- _Activity_: Copy the records that follow exactly as written, but not their pictures.
[Records for the task Boundary: Start]
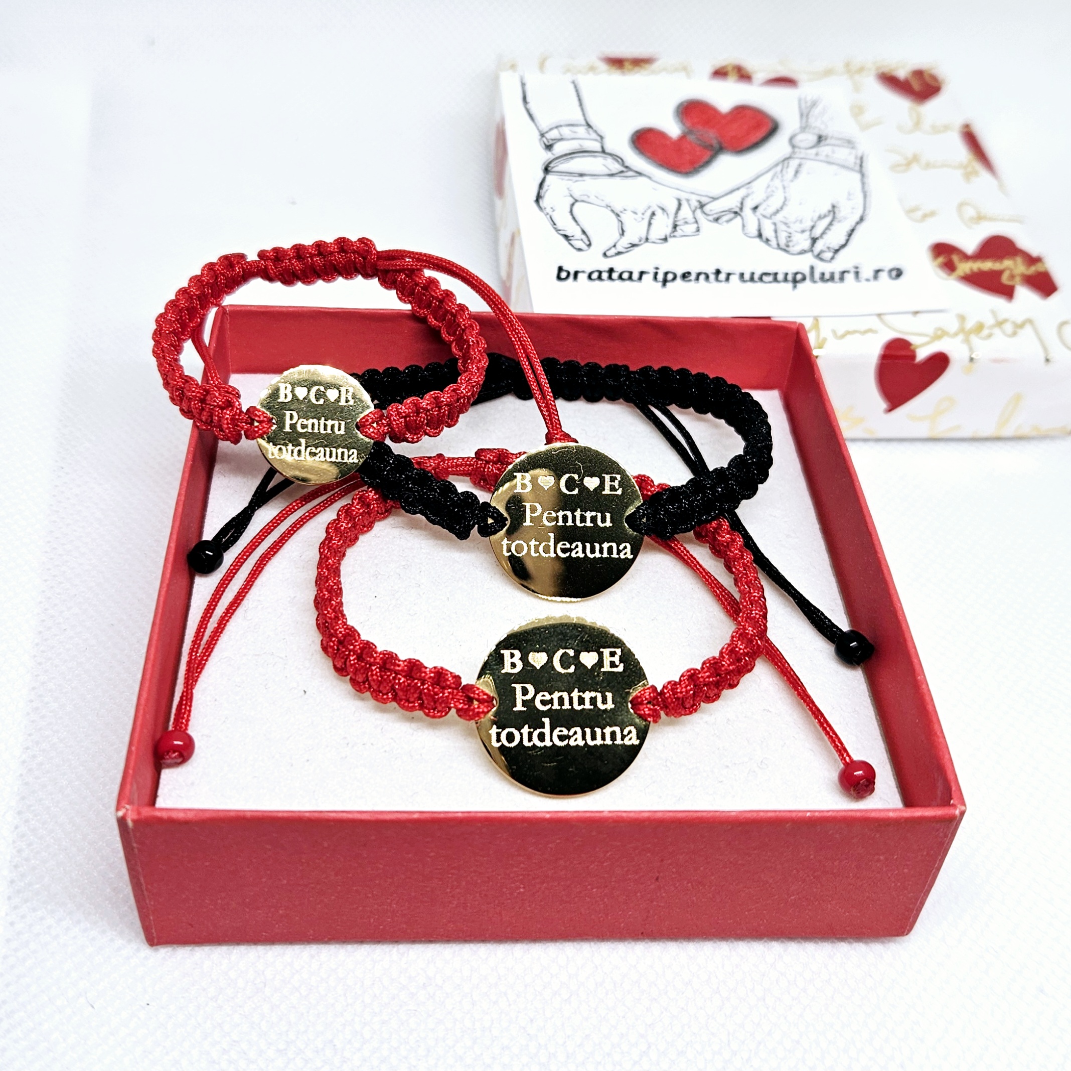 (completati rubricile de personalizare a ambelor bratari (pentru femeie si pentru barbat) cu ce doriti sa fie gravat pe ele, puteti modifica culoarea snurului in : rosu, negru sau crem).
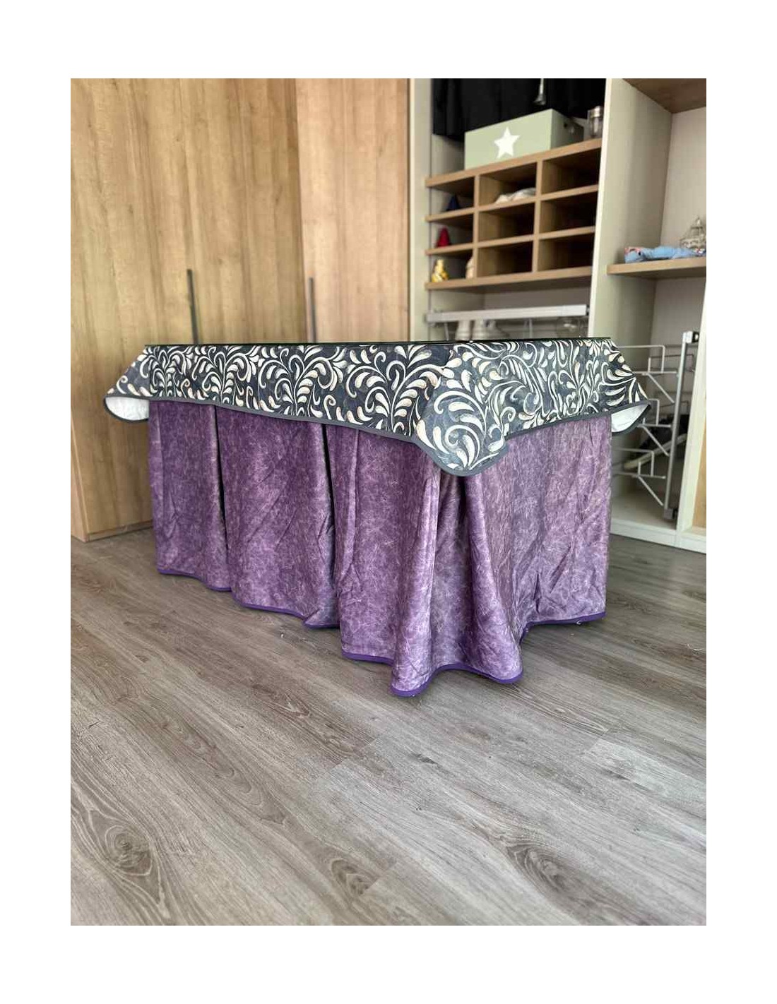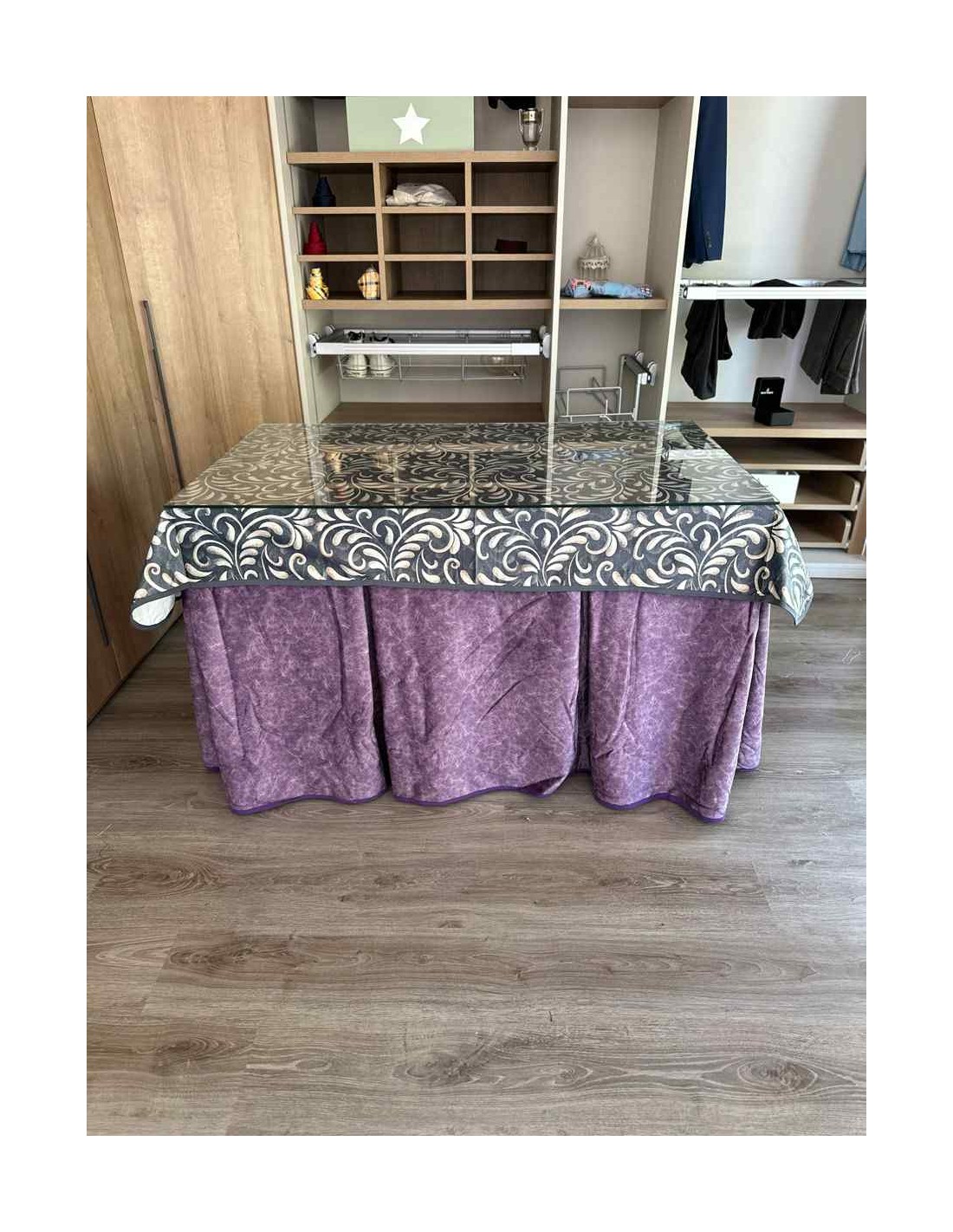 Ropa de mesa camilla morada con forro polar de borrego blanco
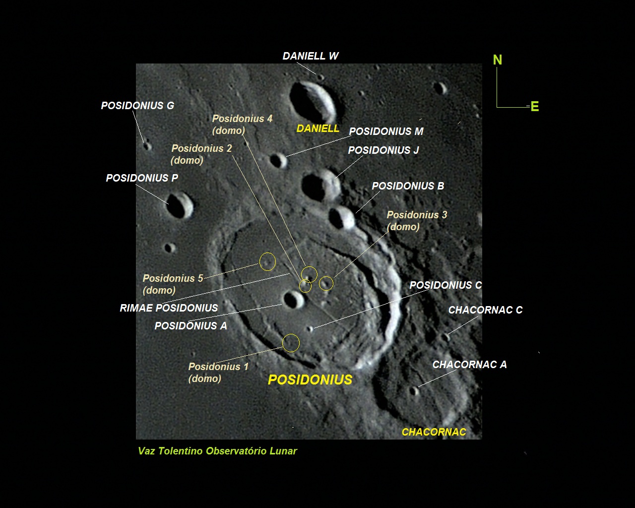 POSIDONIUS – Lat: 31.8° N, Long: 29.9° E, diâmetro: 95 Km, profundidade: 2.3 Km.
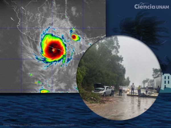 Imagen compuesta que muestra la destrucción en Acapulco post-huracán Otis con un mapa satelital del huracán en su máxima intensidad a la izquierda y una fotografía de personas evaluando los daños en una carretera inundada con árboles arrancados y vehículos varados, a la derecha. Incluye el logo de ´Ciencia UNAM´, indicando el análisis científico de la Universidad Nacional Autónoma de México.
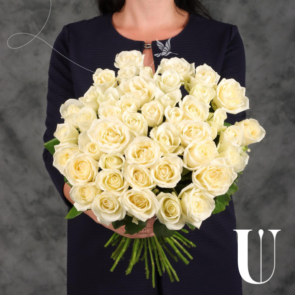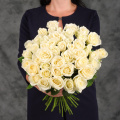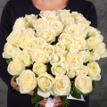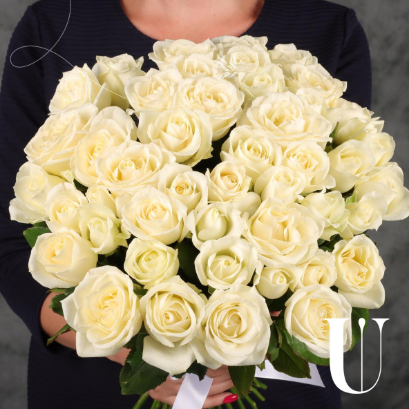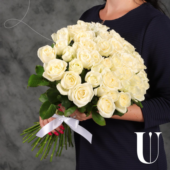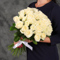 Монобукет из 51 белой розы Аваланж в стильной упаковке
[Records for the task Boundary: End]
- _Answer to this exercise_:
 (completati rubricile de personalizare a ambelor bratari (pentru femeie si pentru barbat) cu ce doriti sa fie gravat pe ele, puteti modifica culoarea snurului in : rosu, negru sau crem).
 Ropa de mesa camilla morada con forro polar de borrego blanco
 POSIDONIUS – Lat: 31.8° N, Long: 29.9° E, diâmetro: 95 Km, profundidade: 2.3 Km.
 Imagen compuesta que muestra la destrucción en Acapulco post-huracán Otis con un mapa satelital del huracán en su máxima intensidad a la izquierda y una fotografía de personas evaluando los daños en una carretera inundada con árboles arrancados y vehículos varados, a la derecha. Incluye el logo de ´Ciencia UNAM´, indicando el análisis científico de la Universidad Nacional Autónoma de México.
 Монобукет из 51 белой розы Аваланж в стильной упаковке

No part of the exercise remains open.